Fat Loss

28 Apr

So, weight loss has always been a big part of why I wanted to quit drinking. It’s simply not possible to drink like I was and shift the pounds. But, as I blogged last week when I hit 100 days, losing weight in early sobriety isn’t a given. In fact, weight gain is a distinct possibility. 

As I shared last week, much to my surprise, I found when stopping drinking that weight loss is REALLY insignificant in the big picture. I’m sober, I have much better self esteem and my life is slowly changing in a million imperceptible and important ways. 

I say all of this, but of course I am about to tell you how I am going about losing weight and how much time and effort is going into it. Why so contradictory?

More than my size being an issue, I definitely feel my eating was out of control during early sobriety in a way that it never has been before. Nothing was restricted. I ate what I needed to stay sober and sane, and some days that meant ALOT of sugar. There were times, to be honest, where I binged with the out of control feeling I had during my bulimic episodes, but without the volume of food or making myself sick, thank goodness. 

Sugar became addictive for me and unlike a former me who would have a tiny taste of chocolate and then stop, when I started, I didn’t want to stop and it was an EFFORT not to crack open a second bar. Sound familiar?

I felt at times that I was just transferring the addiction to alcohol, but didn’t over analyse and just gave myself time. I knew I had to get the diet thing on lock down, but I needed to wait until I was truly ready to do it. To go cold turkey on sugar. 

Well, as I was approaching Day 100, I decided I did feel ready. I enlisted a nutritionist friend to do me a plan designed for slow, safe fat loss. As someone who has had serious issues around restriction in the past, I needed to be 100% sure what I was embarking on was safe. I also train a lot to keep myself sane, so I knew that would buy me some extra calories, without having the constant fatigue and low level hunger that comes with marathon training. 

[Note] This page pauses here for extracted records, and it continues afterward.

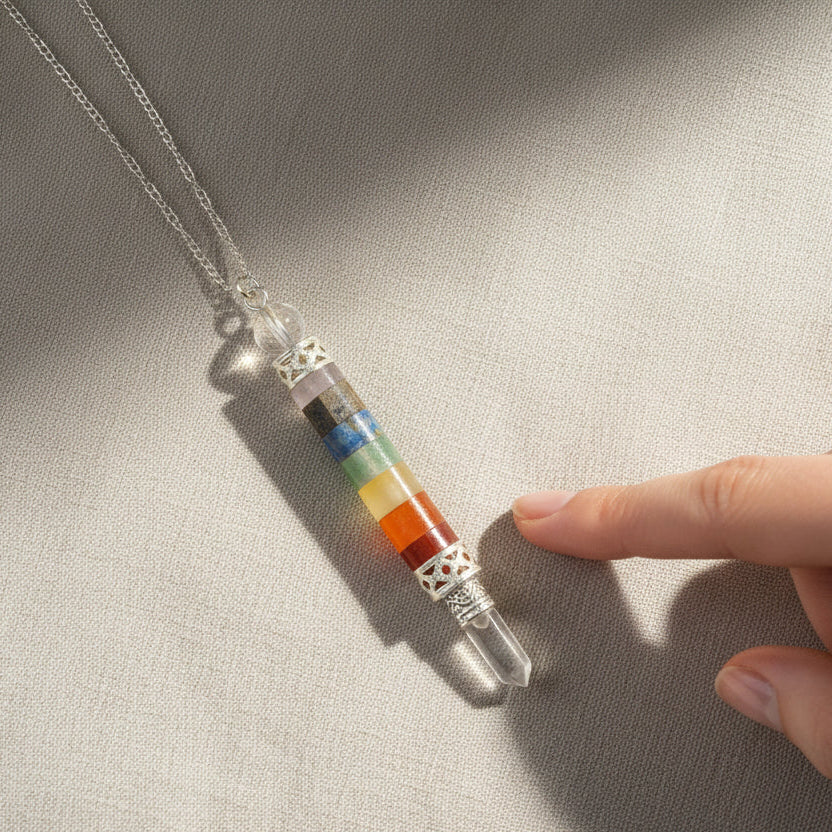 Experience the powerful energy of the 7 Chakra Crystal Dowsing Pendulum from Zenvedas. This beautifully crafted pendulum is designed for dowsing, chakra balancing, energy healing, and intuitive guidance. Made with natural 7 Chakra Stones, it radiates positive vibrations and spiritual clarity.
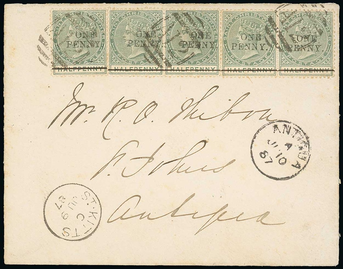 1887 (9 June) envelope to Antigua, bearing a strip of four and a single tied by "A12" obliterator, and showing St. Kitts and arrival (10.6) datestamps, fine. Photo
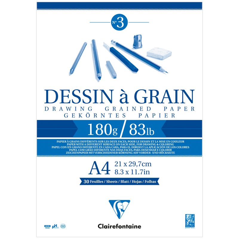 Блокнот Dessin a grain для черчения и рисования, белая зернистая бумага, 21х29,7 см, на спирали, 30 листов, 180 гр. , для работы карандашом, сангиной, углем, тушью, акварелью и гуашью
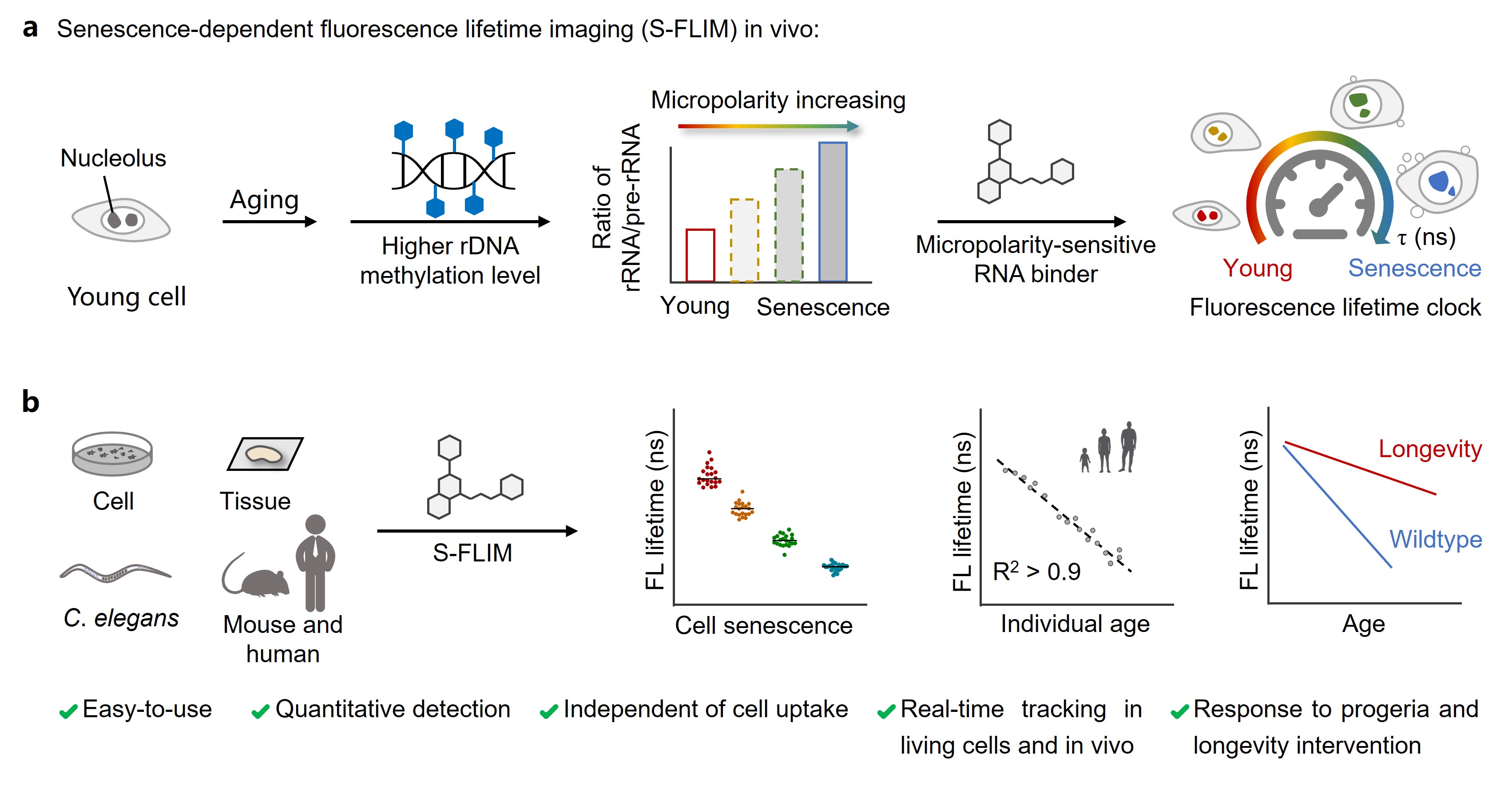 近日,国际顶级学术期刊 Nature Aging 以“Fluorescence lifetime clocks quantify senescence and aging”为题,在线报道了我校化学与分子工程学院郭志前教授、朱为宏院士团队在化学、生物学和分子影像交叉领域取得的重要突破。该研究创新提出“自上而下”的衰老量化研究策略,建立基于荧光寿命成像的衰老检测(S-FLIM)新方法,通过分子工程化杂交发展新型黄菁类染料,成功构建超敏分子探针“荧光寿命衰老时钟”(Fluorescence Lifetime Aging Clock),实现从细胞到生物个体衰老进程的动态检测与长寿个体鉴定,为衰老生物学研究和抗衰老干预研究提供可视化的新型技术手段。

I’ve just completed my first 7 days on the plan and I feel FANTASTIC. The diet basically consists of shit loads of good food. It’s low carb, with carbs taken mainly after training sessions to make sure the glycogen stores are replenished. I was very very wary of low carb (does anyone else hear that word and think a) NOOOOOOOOOO and b) Atkins! Yuck?!) but its working brilliantly. My energy levels are steady, my hunger levels are negligible and I’m having zero cravings for sugary stuff.

A typical day’s eating on a workout day looks like this:

  • Interval Training session (fasted, upon waking) 
  • Protein Pancakes (made with oats and banana for carbs)
  • Snack
  • Protein based meal with veg (e.g salmon and broccoli, chicken stir fry)
  • Snack
  • Protein based dinner v similar to lunch. 

On a non exercise day, it would be similar, but without the carby breakfast. 

On paper this looks BLOODY BORING but the recipes my nutritionist has given me are fantastic. I’m enjoying feeling more in control of my food intake by making time to cook and eat good food, and it’s forming part of my self care routine. I’m in a position at the moment where work is quiet and I have the opportunity to form good habits, which I’m seizing before I get crazily busy as is going to happen in a few weeks’ time. 

I’ve lost 4lbs in a week just cutting out sugar and following this plan and although I know a lot of it is water its great to see the scales going in the right direction. But here’s the best thing- SOMETHING INSIDE MUST HAVE CHANGED. This is the first time in years I have not used alcohol or food (eating it or denying myself it) to alter my emotional state. This is big stuff. I have spent a whole 7 days feeling my feelings without blocking them out, stuffing them down or starving them. That’s huge. I hadn’t even realised this until I started writing this post. It’s probably one of the biggest leaps in sobriety yet. 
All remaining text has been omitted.